Source information Start Marker
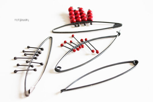 Big Black Silver Modern red Shawl Pin / Brooch
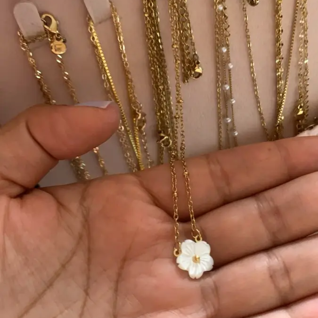 This necklace is so delicate and charming. The little flower pendant adds a sweet touch, and the chain feels light yet sturdy. Perfect for everyday wear or gifting.
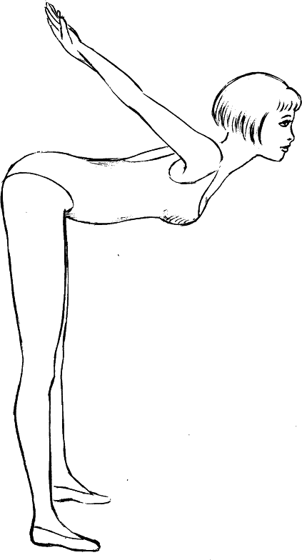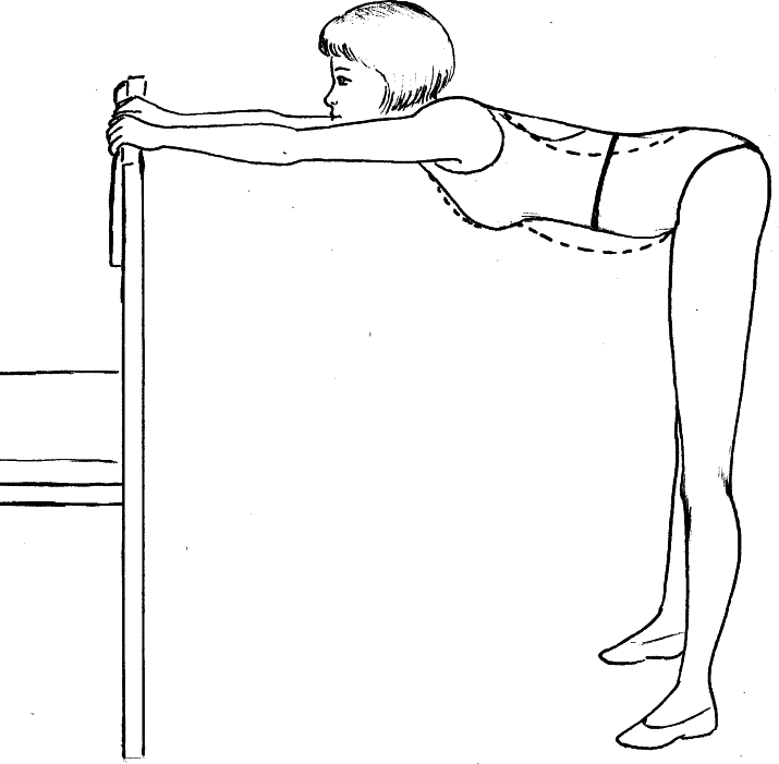 2. Встаньте перед стулом на расстоянии двух шагов от него, слегка расставив ноги. Выпрямите туловище и прогнитесь, опираясь на руки. Руки в локтях держите выпрямленными, спину – прямой, голову – слегка поднятой вверх. На счет «раз», «два», «три» прогните позвоночник. На счет «четыре», «пять», «шесть» вернитесь в исходное положение. Дышите ритмично. Повторите 4–6 раз.
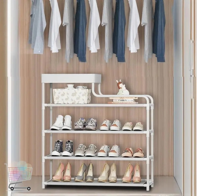 П'ятирівнева полиця для взуття — це ідеальне рішення для організації простору та зберігання вашого взуття. Вона допоможе вам позбутися безладу та зробити ваш передпокій, гардеробну чи інше приміщення більш охайним і функціональним. Завдяки своїм п'яти рівням, полиця дозволяє легко розмістити до 16 пар взуття, що забезпечує зручний доступ та підтримання порядку.
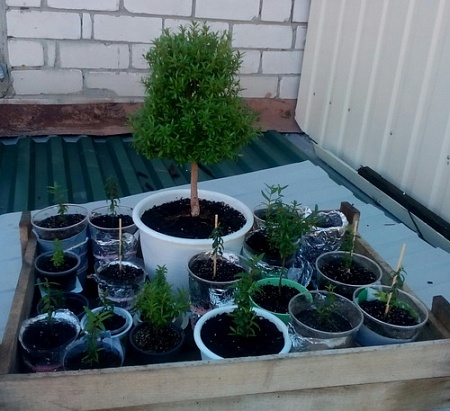 С последнего цветения собрала ягоды, причем зеленые, достала семена, продержала их в пакетике в шкафу больше года и в этом году посеяла. Сейчас сеянцы уже кустятся, но размером они меньше, чем были сеянцы из покупных семян. Сейчас мой любимчик стоит вместе со своими черенками на крыше гаража. Солнце светит с 15,30 до заката. После обрезки мирт уже прилично оброс. Как обрезала, фото не сделала, так как пребывала в состоянии шока от проделанного. Ой, забыла! За 2 недели до обрезки кроны я делала перевалку и лишние корни обрезала. Корни ему режу ежегодно. Прошлая обрезка корней была в ноябре 2015 года. Сажаю в тот же горшок. В этот раз посадила в горшок побольше, чтобы мирт разогнался и за лето вымахал с меня ростом. Ну, или почти с меня. На фото маленькие мирты - это сеянцы с большого деревца. Один из черенков я высадила в сад в открытый грунт. Хочу сравнить, как мирт развивается в маленьком горшке на улице, в большом горшке и в открытом грунте. Зимует мой мирт на подоконнике, но подоконник широкий. Горшок я ставлю в плошку для кошек, в которую насыпаю керамзит и заливаю его водой. Штору поднимаю на подоконник, закрывая ею цветок от жара батареи. В течении дня несколько раз проветриваю комнату "до мурашек по коже". Цветок во время проветривания с окна убираю. Подсветки никакой не было, но мирт стоит на южном окне и солнце зимой яркое. Теперь купила фитолампу. Проверю, как на нее реагировать будет. Еще планирую сделать экран из поликарбоната в виде буквы "П", чтобы закрыть подоконник от батареи. Для любования и ухода за цветами буду просто его снимать с подоконника.
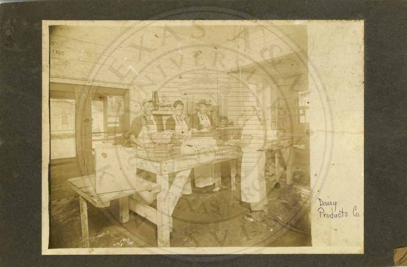 Four unidentified men standing around a table at the Dairy Procucts Co. |
Source information End Marker
| Goal of the exercise |
Return exactly the lines that begin with the one containing "С последнего цветения" and end with the final line of the data above; include no pictures.

| Task result |
 С последнего цветения собрала ягоды, причем зеленые, достала семена, продержала их в пакетике в шкафу больше года и в этом году посеяла. Сейчас сеянцы уже кустятся, но размером они меньше, чем были сеянцы из покупных семян. Сейчас мой любимчик стоит вместе со своими черенками на крыше гаража. Солнце светит с 15,30 до заката. После обрезки мирт уже прилично оброс. Как обрезала, фото не сделала, так как пребывала в состоянии шока от проделанного. Ой, забыла! За 2 недели до обрезки кроны я делала перевалку и лишние корни обрезала. Корни ему режу ежегодно. Прошлая обрезка корней была в ноябре 2015 года. Сажаю в тот же горшок. В этот раз посадила в горшок побольше, чтобы мирт разогнался и за лето вымахал с меня ростом. Ну, или почти с меня. На фото маленькие мирты - это сеянцы с большого деревца. Один из черенков я высадила в сад в открытый грунт. Хочу сравнить, как мирт развивается в маленьком горшке на улице, в большом горшке и в открытом грунте. Зимует мой мирт на подоконнике, но подоконник широкий. Горшок я ставлю в плошку для кошек, в которую насыпаю керамзит и заливаю его водой. Штору поднимаю на подоконник, закрывая ею цветок от жара батареи. В течении дня несколько раз проветриваю комнату "до мурашек по коже". Цветок во время проветривания с окна убираю. Подсветки никакой не было, но мирт стоит на южном окне и солнце зимой яркое. Теперь купила фитолампу. Проверю, как на нее реагировать будет. Еще планирую сделать экран из поликарбоната в виде буквы "П", чтобы закрыть подоконник от батареи. Для любования и ухода за цветами буду просто его снимать с подоконника.
 Four unidentified men standing around a table at the Dairy Procucts Co. |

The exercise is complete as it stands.